> _The problem_: Among the lines below, which ones contain the word "cozy"? Copy every such line.

> _Extracted records_:
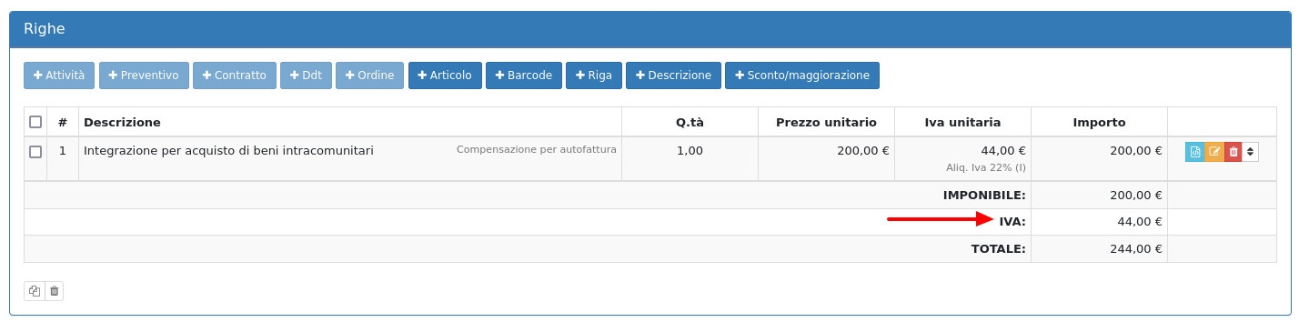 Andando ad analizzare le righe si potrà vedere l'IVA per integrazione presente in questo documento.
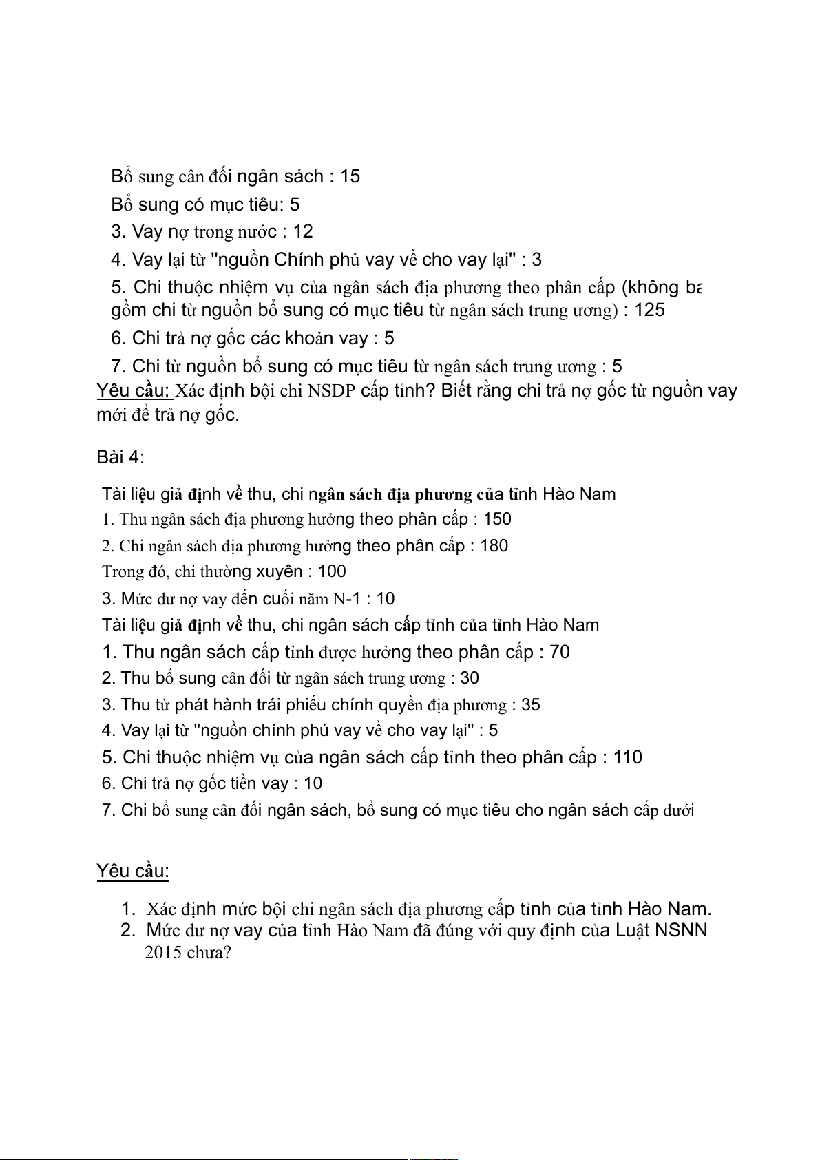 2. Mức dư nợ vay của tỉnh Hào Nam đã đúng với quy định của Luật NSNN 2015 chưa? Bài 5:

==

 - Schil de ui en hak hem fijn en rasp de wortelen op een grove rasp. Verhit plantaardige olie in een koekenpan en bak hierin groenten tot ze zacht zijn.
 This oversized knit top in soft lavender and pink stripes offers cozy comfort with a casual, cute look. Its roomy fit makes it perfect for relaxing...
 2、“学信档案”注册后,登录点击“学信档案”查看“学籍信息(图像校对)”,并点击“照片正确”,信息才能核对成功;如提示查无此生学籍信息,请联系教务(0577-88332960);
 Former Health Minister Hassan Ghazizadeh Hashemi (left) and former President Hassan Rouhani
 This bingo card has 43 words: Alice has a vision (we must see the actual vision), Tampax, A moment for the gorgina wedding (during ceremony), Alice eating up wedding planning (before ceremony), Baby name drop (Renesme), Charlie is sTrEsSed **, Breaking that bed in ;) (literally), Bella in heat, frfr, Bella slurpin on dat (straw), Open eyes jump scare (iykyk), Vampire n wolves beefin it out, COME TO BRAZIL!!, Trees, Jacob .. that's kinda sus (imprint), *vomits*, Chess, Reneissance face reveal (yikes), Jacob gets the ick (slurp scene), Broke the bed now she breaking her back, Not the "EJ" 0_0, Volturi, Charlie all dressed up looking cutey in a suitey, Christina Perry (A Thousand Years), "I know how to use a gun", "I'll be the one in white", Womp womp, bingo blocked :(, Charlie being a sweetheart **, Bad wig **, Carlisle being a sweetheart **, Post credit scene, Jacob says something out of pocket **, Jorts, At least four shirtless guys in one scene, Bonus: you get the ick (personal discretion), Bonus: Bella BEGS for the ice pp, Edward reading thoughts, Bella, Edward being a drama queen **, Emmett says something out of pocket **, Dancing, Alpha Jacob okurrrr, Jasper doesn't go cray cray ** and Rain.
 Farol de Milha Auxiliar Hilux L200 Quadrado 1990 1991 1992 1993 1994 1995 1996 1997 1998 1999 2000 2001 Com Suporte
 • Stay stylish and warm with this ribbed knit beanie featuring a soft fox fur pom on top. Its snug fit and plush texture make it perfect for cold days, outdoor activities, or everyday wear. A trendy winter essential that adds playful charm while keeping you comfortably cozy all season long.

> _Exercise solution_:
 This oversized knit top in soft lavender and pink stripes offers cozy comfort with a casual, cute look. Its roomy fit makes it perfect for relaxing...
 • Stay stylish and warm with this ribbed knit beanie featuring a soft fox fur pom on top. Its snug fit and plush texture make it perfect for cold days, outdoor activities, or everyday wear. A trendy winter essential that adds playful charm while keeping you comfortably cozy all season long.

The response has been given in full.